By 1923, Young had risen up the ladder following his exploits in the suppression of “thuggee” in Gorakhpur and the adjoining areas of Nepal between 1913 and 1919.
“Thugee”, derived from the word “thug”, refers to a ritualised form of banditry and robbery. In contemporary times, though, “thuggee” has been criticised as a colonial construct, rooted in racism and othering.
Young’s distinctive career fighting dacoity finds mention in British bureaucrat Sir Percivel Griffiths’ book To Guard My People: The History of the Indian Police. He describes an incident from 1919 – “the most spectacular in his [Young’s] service” – when the police officer had set off for a village where an armed gang was planning a dacoity the following night.
“Young and his party arrived just in time,” wrote Griffiths. “He rushed into the courtyard of the house, where the dacoits had already arrived, and was charged by a dacoit armed with a spear.

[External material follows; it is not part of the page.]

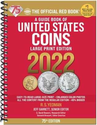 The Large Print Edition of the Guide Book of United States Coins gives you all the content from the regular edition, shown 45% bigger! The Official Red Book(R)--A Guide Book of United States Coins--is 75 years young and going strong. Since 1946 collectors around the country have loved the book's grade-by-grade coin values, historical background, detailed specifications, high-resolution photographs, and accurate mintage data. How rare are your coins? How much are they worth? The 75th edition of the Red Book tells you, covering everything from early colonial copper tokens to hefty Old West silver dollars and dazzling gold coins. You'll find 32,500+ prices and auction records for nearly 8,000 coins, tokens, medals, sets, and other collectibles. You'll also round out your education in classic and modern commemoratives, Proof and Mint coins, error coins, Civil War tokens, Confederate coins, Philippine coins struck under U.S. sovereignty, private gold, all the latest National Park quarters, Native American dollars, American Innovation dollars, bullion coins (silver, gold, platinum, and palladium), and more.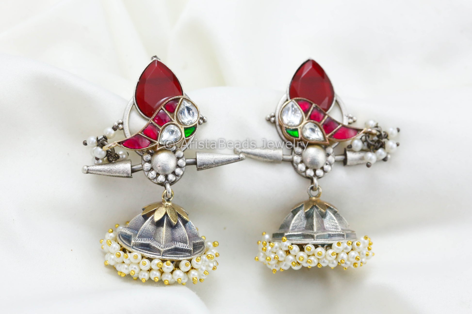 Jadau Kundan Silver Replica Fusion Jhumka -Ruby

Young promptly shot him down and for this and other similar episodes he was awarded a Bar to the King’s Police Medal.”
Young’s hunt for Sultana in Kumaon coincided with the time a hunter of man-eating leopards and tigers was walking through the forests of the region. Hunter-conservationist Jim Corbett, in My India, writes of his encounter with Young and the hunt for Sultana.
The dacoit from a ‘criminal’ tribe
Sultana belonged to the Bhantu tribe. According to Bhantu lore, the tribe had arrived in Katehar – as Uttar Pradesh’s northwestern Rohilkhand region was called – after the downfall of Rajput king Maharana Pratap following his defeat at Haldighati in 1576.
But the British criminalised the Bhantus under the racist and draconian Criminal Tribes Act III of 1911 that ascribed criminal behaviour as hereditary – essentially, this meant that all those born into the tribes were considered criminals. This was based on the British administration’s observation of “criminal” tendencies among members of the tribe.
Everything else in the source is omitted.